Transport Barriers in Geophysical Flows: A Review

Abstract

In the Lagrangian approach, the transport processes in the ocean and atmosphere are studied by tracking water or air parcels, each of which may carry different tracers. In the ocean, they are salt, nutrients, heat, and particulate matter, such as plankters, oil, radionuclides, and microplastics. In the atmosphere, the tracers are water vapor, ozone, and various chemicals. The observation and simulation reveal highly complex patterns of advection of tracers in turbulent-like geophysical flows. Transport barriers are material surfaces across which the transport is minimal. They can be classified into elliptic, parabolic, and hyperbolic barriers. Different diagnostics in detecting transport barriers and the analysis of their role in the dynamics of oceanic and atmospheric flows are reviewed. We discuss the mathematical tools, borrowed from dynamical systems theory, for detecting transport barriers in simple kinematic and dynamic models of vortical and jet-like flows.

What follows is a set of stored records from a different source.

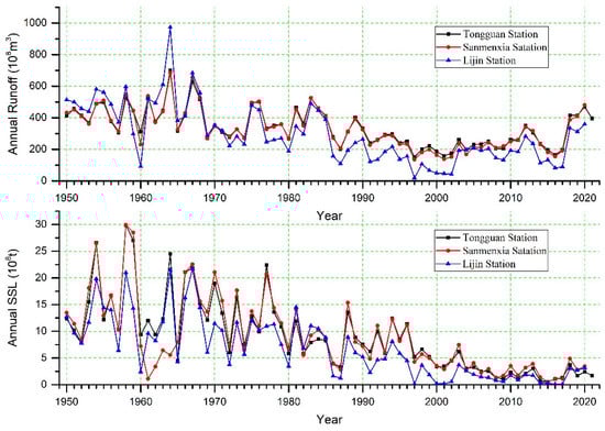 The annual runoff and SSL during the time period from 1950 to 2021 were examined at the Tongguan, Sanmenxia, and Lijin stations in the Yellow River (Figure 2). The runoff fluctuated with a low amplitude and had no significant trend of change in the 1950s, while it fluctuated greatly in the 1950s and its maximum value appeared in 1964. The runoff showed a trend of decreasing with minor fluctuations during 1964–1997 and an increasing trend in the time period of 1997–2021. The annual SSL at the three stations presented an overall decreasing trend and their interannual fluctuations also decreased with time (Figure 2). Compared with the three hydrological stations, the values and variation characteristics of the Tongguan and Sanmenxia stations were very similar in terms of annual runoff and SSL.
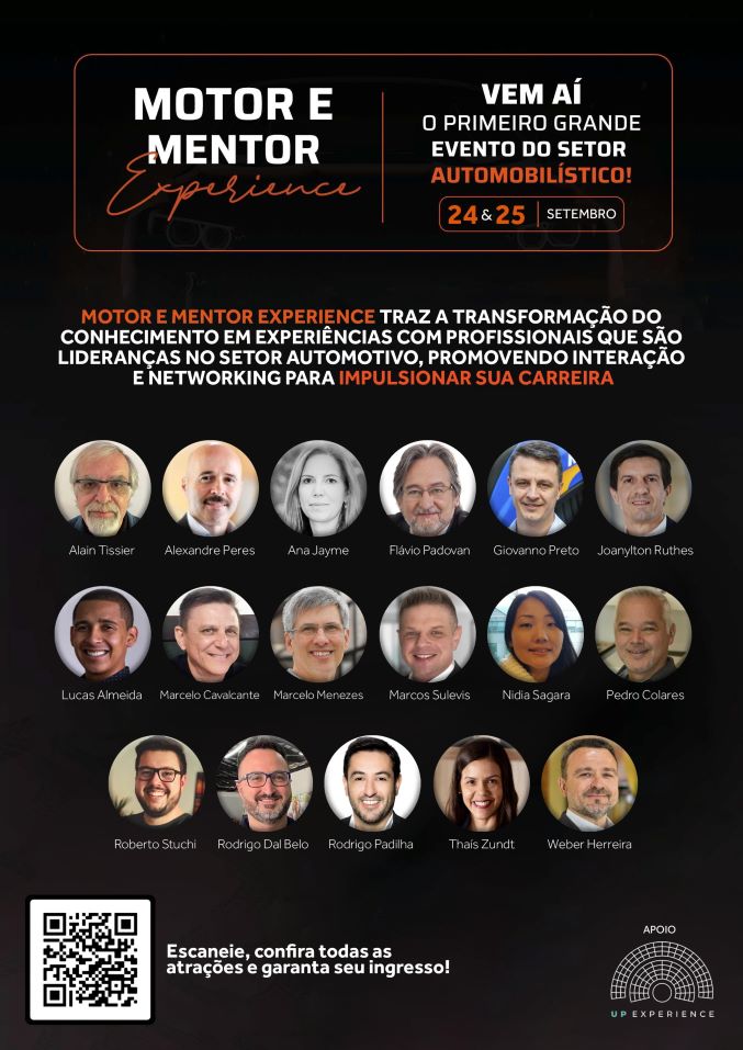 Se você atua no setor automotivo, na cadeia de suprimentos ou é um entusiasta de desenvolvimento profissional, esse evento é pra você! Motor e Mentor Experience, um evento híbrido que tem o objetivo de desenvolver colaboradores para a indústria, inspirando-os através do conhecimento das lideranças que já executaram projetos incríveis ao longo de suas jornadas. A nova data já está agendada para os dias 24 e 25 de setembro, no Teatro UP Experience da Universidade Positivo. Pessoas que se interessem por esse meio e queiram se inspirar para desenvolver uma carreira em áreas que estejam no escopo da indústria automotiva podem participar do evento.
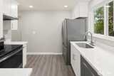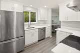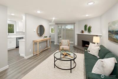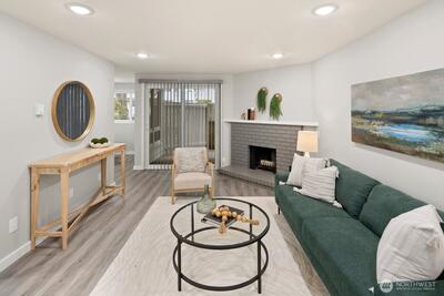 Step into this beautifully updated, move-in ready ground-floor end unit condo—light, bright, and full of charm! The stylish kitchen shines with sleek quartz counters and stainless-steel appliances, opening to a welcoming family room with a cozy wood-burning fireplace. Slide open the doors to your private patio and soak in the peaceful outdoor space! Newly installed LVP floors flow throughout, leading you to two inviting bedrooms with custom closet systems and oversized windows that bring the outdoors in. An updated bath, full-size washer and dryer, two storage rooms, and a covered garage space add comfort and convenience. Plus, the building includes an elevator and boasts undeniable curb appeal.

We show how the ideas and methods, developed for simple model flows, can be successfully applied for studying the role of barriers in oceanic and atmospheric flows. Special attention is placed on the significance of transport barriers in important practical issues: anthropogenic and natural pollution, advection of plankton, cross-shelf exchange, and propagation of upwelling fronts in coastal zones.